The biggest component of the chief executive officer’s package is about $120 million worth of unexercised options, some of which were granted as early as 2009, according to data compiled by Bloomberg from the company’s filings.
Armstrong, also controls 1.68 million shares of the Internet company, according to a U.S. Securities and Exchange Commission filing. Based on the agreed deal price of $50 a share and accounting for $25 million that the CEO himself invested in AOL, Armstrong will receive, on a net basis, an additional $59 million from the merger.
Including $33.9 million in salary, bonus, perks and equity that Armstrong received in compensation since 2009, Armstrong’s tenure at AOL will amount a grand total of almost $213 million.
Armstrong’s payout reflects, in part, his track record of building up AOL’s video services and the company’s online ads business, which have helped to more than double AOL’s share price over the past five years. Armstrong, who will continue to lead AOL’s operations after the deal is completed, also bought sites such as the Huffington Post and TechCrunch, and expanded AOL’s mobile content.
He’ll receive his stock-based awards within 12 months of the deal’s completion. He can also get them if he’s terminated without cause before then or leaves for good reason, according to AOL’s proxy.
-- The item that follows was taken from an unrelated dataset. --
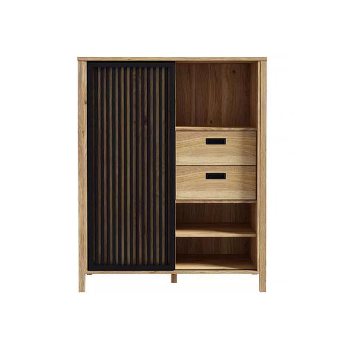 DURANGO család része. Az ajtók mögött elhelyezkedő 2 zárt polc ideális a ritkábban használt tárgyak, például szezonális textíliák, dokumentumok vagy háztartási eszközök rendszerezett tárolására. A felső fiók tökéletes helyet kínál apróbb holmiknak – kulcsoknak, iratoknak. A nyitott polc pedig kiváló lehetőséget nyújt dekorációk vagy gyakran használt tárgyak elhelyezésére.

Good reasons for leaving include if Armstrong no longer reports to the board, his office is moved more than 50 miles, his responsibilities or titles are diminished or if his salary is cut, the proxy shows.
The company declined to comment beyond the filings.
Armstrong’s acquisition pay pales in comparison to that of David Pyott, the former chairman and CEO of Allergan Inc. He also held on to years of option awards until Actavis Plc acquired the Botox drugmaker in March for $66 billion. Pyott converted $534 million of equity into cash that month.